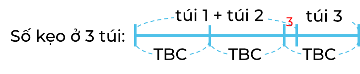 - Sau đó tính trung bình cộng và số kẹo ở túi thứ ba.
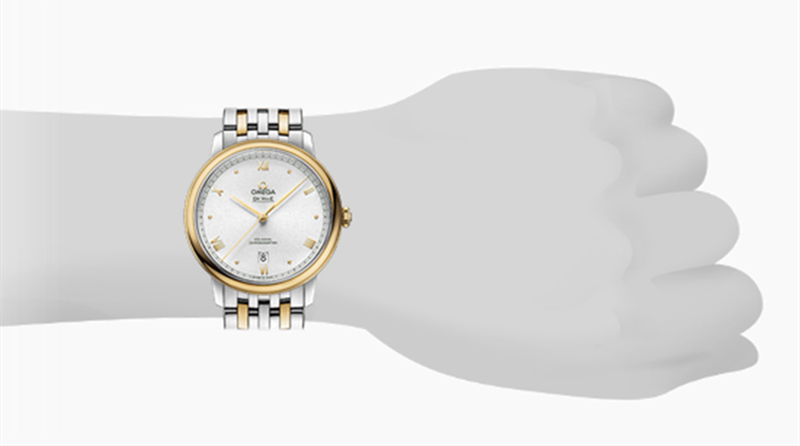 镜面材质 | 蓝宝石水晶玻璃 | 表盘 | 精钢‑黄色18 K金表壳 银色太阳光芒射线表盘,环绕“轨道式”分钟圈。 腕表的6点位置设有日历窗,欧米茄品牌标识、间隔出现的罗马数字与弧面形小时刻度,以及指针均采用镀黄色18K金制成。 密底 |
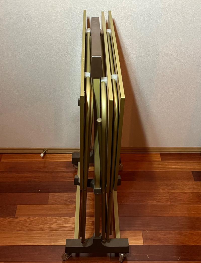 Lot # 82 - Set of 3 Mid-Century Wood Tone and Brushed Brass TV Trays with Rack
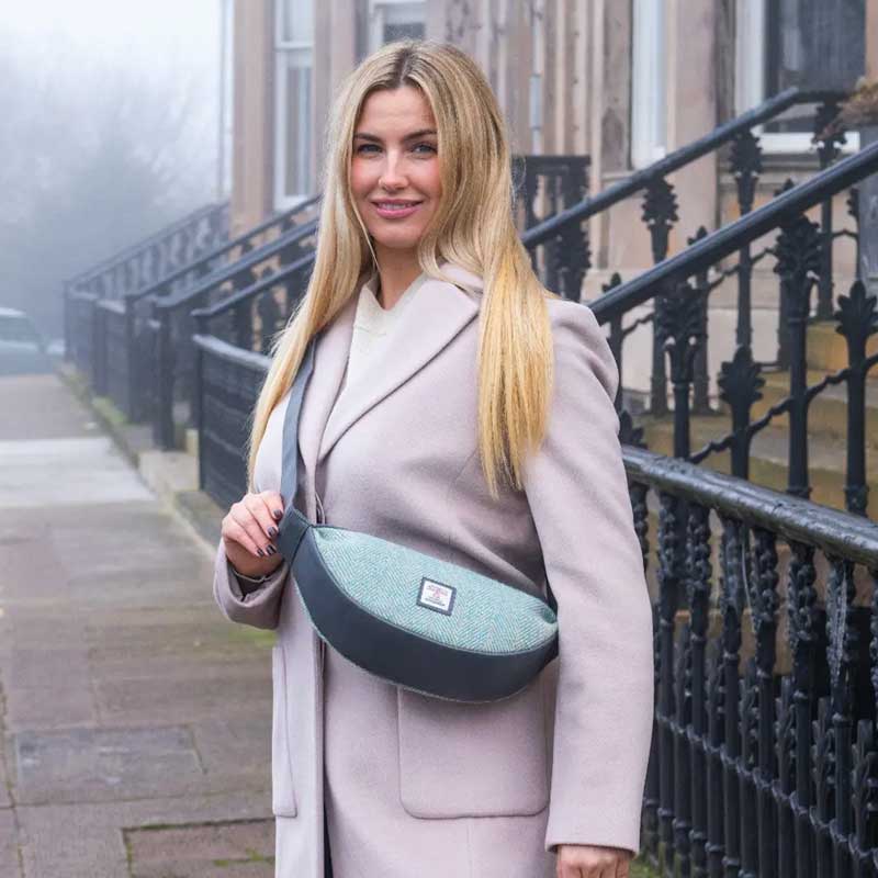 Harris Tweed Glasses Sleeve in Turquoise Herringbone.
--------------------
Work to complete: Pictures stay out of this copy. Retype exactly the lines from the one with "镜面材质 | 蓝宝石水晶玻璃" through the last line of the data, both ends included, and nothing more.

Task result:
 镜面材质 | 蓝宝石水晶玻璃 | 表盘 | 精钢‑黄色18 K金表壳 银色太阳光芒射线表盘,环绕“轨道式”分钟圈。 腕表的6点位置设有日历窗,欧米茄品牌标识、间隔出现的罗马数字与弧面形小时刻度,以及指针均采用镀黄色18K金制成。 密底 |
 Lot # 82 - Set of 3 Mid-Century Wood Tone and Brushed Brass TV Trays with Rack
 Harris Tweed Glasses Sleeve in Turquoise Herringbone.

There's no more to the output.